The woman said to him, “Sir, give me this water, so that I will not be thirsty or have to come here to draw water.” Jesus said to her, “Go, call your husband, and come here.” The woman answered him, “I have no husband.” Jesus said to her, “You are right in saying, ‘I have no husband’; for you have had five husbands, and the one you now have is not your husband. What you have said is true.” (John 4:15-18)

Over the years in this ministry to abuse victims we have been fairly regularly contacted by victims who are not only presently married to an abuser but who have been married previously to other abusers. And in most cases they are asking themselves, “Just how stupid can I be?” Or, “What is wrong with me?” Or, “Am I going to be alone for the rest of my life?”  These questions and more.

I suspect many of you who follow this blog can relate very well to this scenario. And many people who are ignorant of abuse and abusers will be quick to answer those questions  — “Well, yes, you must be stupid.”  “Yes, there surely is something wrong with you.” But in reality all that has happened in most of these cases is that a wicked, deceiving person came along, identified some vulnerability in his target, capitalized on it, and deceived her (or him).  All of us have had that deception dupe us in some relationship or other and most often more than once.

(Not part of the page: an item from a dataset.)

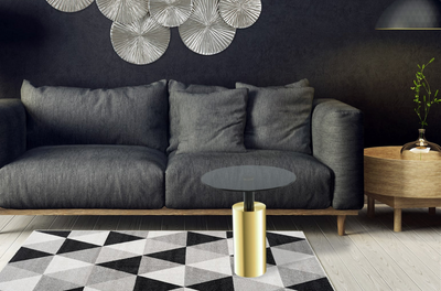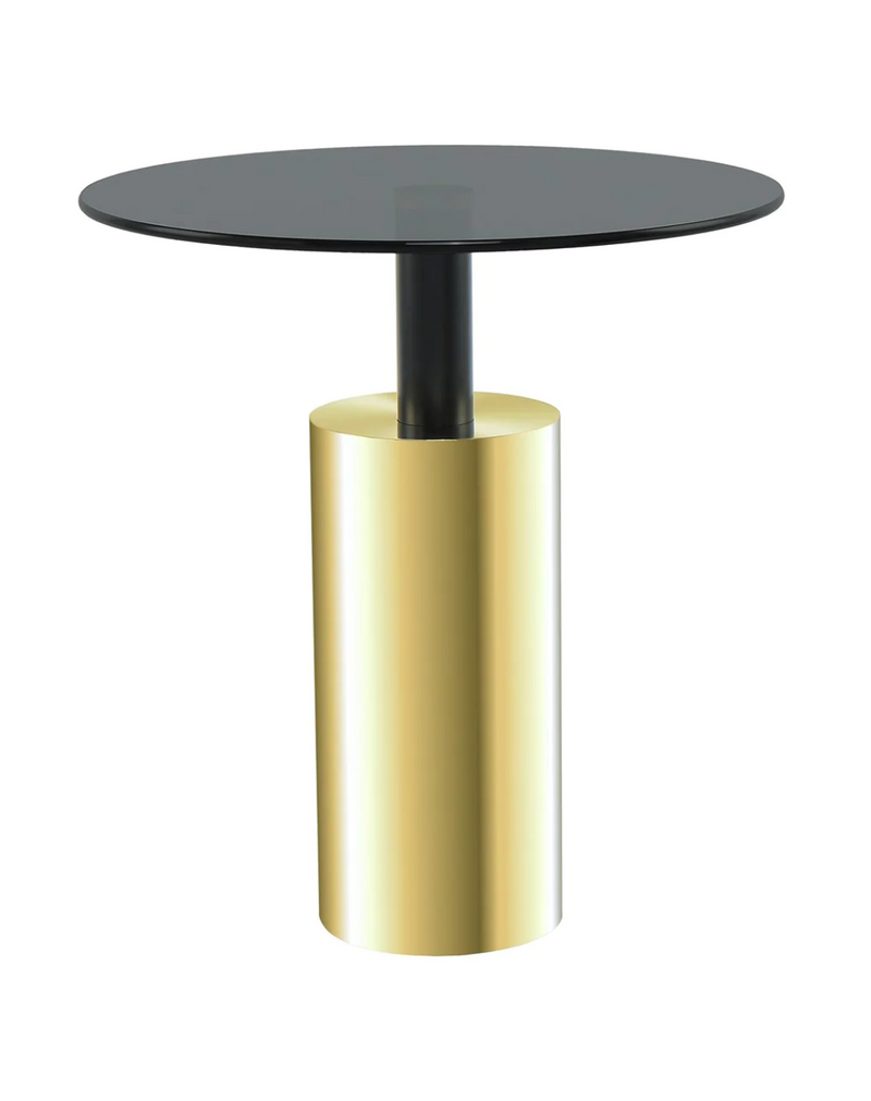 - Diseño y estilo: Mesa auxiliar en estilo glamoroso, forma redonda con un diseño de dos tonos

Was the Samaritan woman at the well a loose woman who went from man to man? That is usually what is claimed, but surely there is a very high probability that she was the victim of deceiving, using men and she was an easy target for them.  Why? Might I suggest it was because she was “thirsty,” but she was looking for the wrong kind of water to quench that thirst.  John 4 is the record of that day when Living Water met her and she was never the same again.

Yes, I would suggest that a victim who has been duped by abusers several times does need to look within herself. Not to blame, but to try to understand what it is that is making her so vulnerable to evil ones. Does she fear being alone? Does she believe she is just rather worthless if a man doesn’t want her? Maybe she is just too naive about evil? Often she is just plain too “nice.” None of these possibilities is sin, but each one is certainly dangerous.

It seems to me that a woman who has been repeatedly abused in a sequence of “marriages” must be somewhat similar to the traumatized rape victim. Through deception and guile the rapist drew her in, used her by force, and cast her away. Or if she is still with the abuser, he is killing her slowly, just as a rapist so often murders his victim.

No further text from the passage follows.